## Task details
The required output is the exact run of lines below that opens at the line with "Per collegare al" and closes at the line with "INSTALACE: pitná voda".

## Records supplied
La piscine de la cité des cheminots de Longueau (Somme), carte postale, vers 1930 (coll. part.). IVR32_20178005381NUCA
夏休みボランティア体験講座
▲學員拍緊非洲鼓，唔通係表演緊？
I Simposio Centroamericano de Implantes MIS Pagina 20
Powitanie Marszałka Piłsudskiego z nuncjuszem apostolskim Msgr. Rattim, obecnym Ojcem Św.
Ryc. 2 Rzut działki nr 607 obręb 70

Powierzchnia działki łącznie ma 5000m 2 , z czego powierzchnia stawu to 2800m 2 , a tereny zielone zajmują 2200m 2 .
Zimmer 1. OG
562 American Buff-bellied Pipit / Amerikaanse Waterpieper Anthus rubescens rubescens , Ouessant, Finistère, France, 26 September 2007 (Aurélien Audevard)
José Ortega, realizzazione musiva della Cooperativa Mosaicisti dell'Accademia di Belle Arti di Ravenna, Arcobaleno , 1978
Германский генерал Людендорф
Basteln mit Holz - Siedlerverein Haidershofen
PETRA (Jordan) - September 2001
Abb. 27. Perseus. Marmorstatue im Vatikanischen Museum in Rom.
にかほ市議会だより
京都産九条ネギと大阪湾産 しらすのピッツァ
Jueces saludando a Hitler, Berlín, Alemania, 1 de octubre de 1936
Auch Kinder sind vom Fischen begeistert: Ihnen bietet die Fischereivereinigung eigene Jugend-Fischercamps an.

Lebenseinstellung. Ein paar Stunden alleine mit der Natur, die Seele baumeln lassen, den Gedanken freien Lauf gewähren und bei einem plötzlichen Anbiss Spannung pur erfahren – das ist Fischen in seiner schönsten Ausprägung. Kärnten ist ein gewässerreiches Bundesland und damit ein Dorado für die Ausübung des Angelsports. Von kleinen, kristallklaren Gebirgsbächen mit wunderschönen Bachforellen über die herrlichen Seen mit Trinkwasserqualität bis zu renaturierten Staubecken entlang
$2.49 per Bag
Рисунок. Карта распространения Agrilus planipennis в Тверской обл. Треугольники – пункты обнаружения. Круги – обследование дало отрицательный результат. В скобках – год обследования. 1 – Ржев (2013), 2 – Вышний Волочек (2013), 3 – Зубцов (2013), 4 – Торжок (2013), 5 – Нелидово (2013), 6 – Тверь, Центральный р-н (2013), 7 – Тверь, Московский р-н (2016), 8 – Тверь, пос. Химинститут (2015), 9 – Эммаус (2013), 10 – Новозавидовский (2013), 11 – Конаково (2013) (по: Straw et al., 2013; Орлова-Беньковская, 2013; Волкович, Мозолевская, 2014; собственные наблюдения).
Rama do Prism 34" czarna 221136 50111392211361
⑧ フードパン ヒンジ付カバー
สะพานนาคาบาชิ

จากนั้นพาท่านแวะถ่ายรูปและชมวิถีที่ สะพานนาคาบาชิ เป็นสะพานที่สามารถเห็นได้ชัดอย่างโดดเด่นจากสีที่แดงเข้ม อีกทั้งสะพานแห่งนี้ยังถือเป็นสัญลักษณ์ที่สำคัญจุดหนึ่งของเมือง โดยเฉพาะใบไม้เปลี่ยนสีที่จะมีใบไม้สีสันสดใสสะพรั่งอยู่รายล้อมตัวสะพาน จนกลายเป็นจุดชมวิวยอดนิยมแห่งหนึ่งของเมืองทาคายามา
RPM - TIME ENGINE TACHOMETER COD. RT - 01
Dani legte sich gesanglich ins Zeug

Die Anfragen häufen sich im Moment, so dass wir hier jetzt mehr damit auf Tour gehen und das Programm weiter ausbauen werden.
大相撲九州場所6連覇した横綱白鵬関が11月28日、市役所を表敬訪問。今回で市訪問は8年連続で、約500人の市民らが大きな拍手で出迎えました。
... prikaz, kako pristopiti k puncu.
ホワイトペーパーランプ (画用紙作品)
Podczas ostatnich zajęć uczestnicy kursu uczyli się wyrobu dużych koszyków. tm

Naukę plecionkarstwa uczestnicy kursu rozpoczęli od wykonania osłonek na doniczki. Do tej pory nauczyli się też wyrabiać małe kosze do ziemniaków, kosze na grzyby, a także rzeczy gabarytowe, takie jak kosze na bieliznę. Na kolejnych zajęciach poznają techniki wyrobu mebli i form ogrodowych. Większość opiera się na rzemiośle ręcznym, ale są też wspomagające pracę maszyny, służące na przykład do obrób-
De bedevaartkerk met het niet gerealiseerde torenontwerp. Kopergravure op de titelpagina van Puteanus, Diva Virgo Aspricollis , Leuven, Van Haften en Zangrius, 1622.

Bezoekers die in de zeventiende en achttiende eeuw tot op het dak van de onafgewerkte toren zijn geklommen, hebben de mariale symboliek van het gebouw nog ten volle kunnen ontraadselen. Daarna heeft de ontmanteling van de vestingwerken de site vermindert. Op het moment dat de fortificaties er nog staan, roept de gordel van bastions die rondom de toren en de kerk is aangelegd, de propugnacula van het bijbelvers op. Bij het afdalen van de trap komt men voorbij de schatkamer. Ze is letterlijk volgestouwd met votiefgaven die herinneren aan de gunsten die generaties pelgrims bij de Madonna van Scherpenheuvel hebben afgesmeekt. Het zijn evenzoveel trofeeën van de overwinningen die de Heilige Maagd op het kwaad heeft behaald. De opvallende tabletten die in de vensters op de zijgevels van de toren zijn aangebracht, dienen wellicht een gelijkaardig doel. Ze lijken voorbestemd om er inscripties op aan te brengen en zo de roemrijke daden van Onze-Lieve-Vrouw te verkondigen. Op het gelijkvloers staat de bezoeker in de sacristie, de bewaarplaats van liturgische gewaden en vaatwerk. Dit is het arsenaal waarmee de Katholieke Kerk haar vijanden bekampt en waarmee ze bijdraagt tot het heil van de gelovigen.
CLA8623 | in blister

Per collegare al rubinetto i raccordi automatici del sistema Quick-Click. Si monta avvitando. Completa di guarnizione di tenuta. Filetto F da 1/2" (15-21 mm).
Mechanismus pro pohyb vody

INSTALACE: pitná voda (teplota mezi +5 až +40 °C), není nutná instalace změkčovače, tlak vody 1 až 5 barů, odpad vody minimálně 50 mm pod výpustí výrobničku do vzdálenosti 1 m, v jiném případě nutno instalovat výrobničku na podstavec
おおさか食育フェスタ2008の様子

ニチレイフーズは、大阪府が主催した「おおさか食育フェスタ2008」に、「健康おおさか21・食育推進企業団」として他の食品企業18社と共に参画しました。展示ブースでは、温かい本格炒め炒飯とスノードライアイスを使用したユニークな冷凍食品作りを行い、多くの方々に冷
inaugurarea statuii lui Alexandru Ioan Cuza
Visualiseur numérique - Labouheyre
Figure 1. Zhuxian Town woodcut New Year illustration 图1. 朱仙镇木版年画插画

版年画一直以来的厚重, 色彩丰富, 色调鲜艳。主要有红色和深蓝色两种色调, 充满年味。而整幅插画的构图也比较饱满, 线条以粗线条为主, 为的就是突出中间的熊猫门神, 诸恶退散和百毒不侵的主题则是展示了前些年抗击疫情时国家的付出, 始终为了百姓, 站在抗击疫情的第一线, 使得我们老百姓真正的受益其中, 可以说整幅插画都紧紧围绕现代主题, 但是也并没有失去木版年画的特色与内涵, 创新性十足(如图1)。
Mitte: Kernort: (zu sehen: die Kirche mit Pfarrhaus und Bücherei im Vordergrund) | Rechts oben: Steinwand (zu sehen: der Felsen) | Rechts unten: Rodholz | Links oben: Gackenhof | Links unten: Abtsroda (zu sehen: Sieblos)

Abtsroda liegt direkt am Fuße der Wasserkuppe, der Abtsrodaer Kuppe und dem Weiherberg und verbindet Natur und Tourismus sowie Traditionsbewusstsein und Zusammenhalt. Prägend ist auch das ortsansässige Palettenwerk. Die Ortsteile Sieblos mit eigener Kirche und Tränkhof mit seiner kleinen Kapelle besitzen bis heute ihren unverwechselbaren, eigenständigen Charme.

## Result for this exercise
Per collegare al rubinetto i raccordi automatici del sistema Quick-Click. Si monta avvitando. Completa di guarnizione di tenuta. Filetto F da 1/2" (15-21 mm).
Mechanismus pro pohyb vody

INSTALACE: pitná voda (teplota mezi +5 až +40 °C), není nutná instalace změkčovače, tlak vody 1 až 5 barů, odpad vody minimálně 50 mm pod výpustí výrobničku do vzdálenosti 1 m, v jiném případě nutno instalovat výrobničku na podstavec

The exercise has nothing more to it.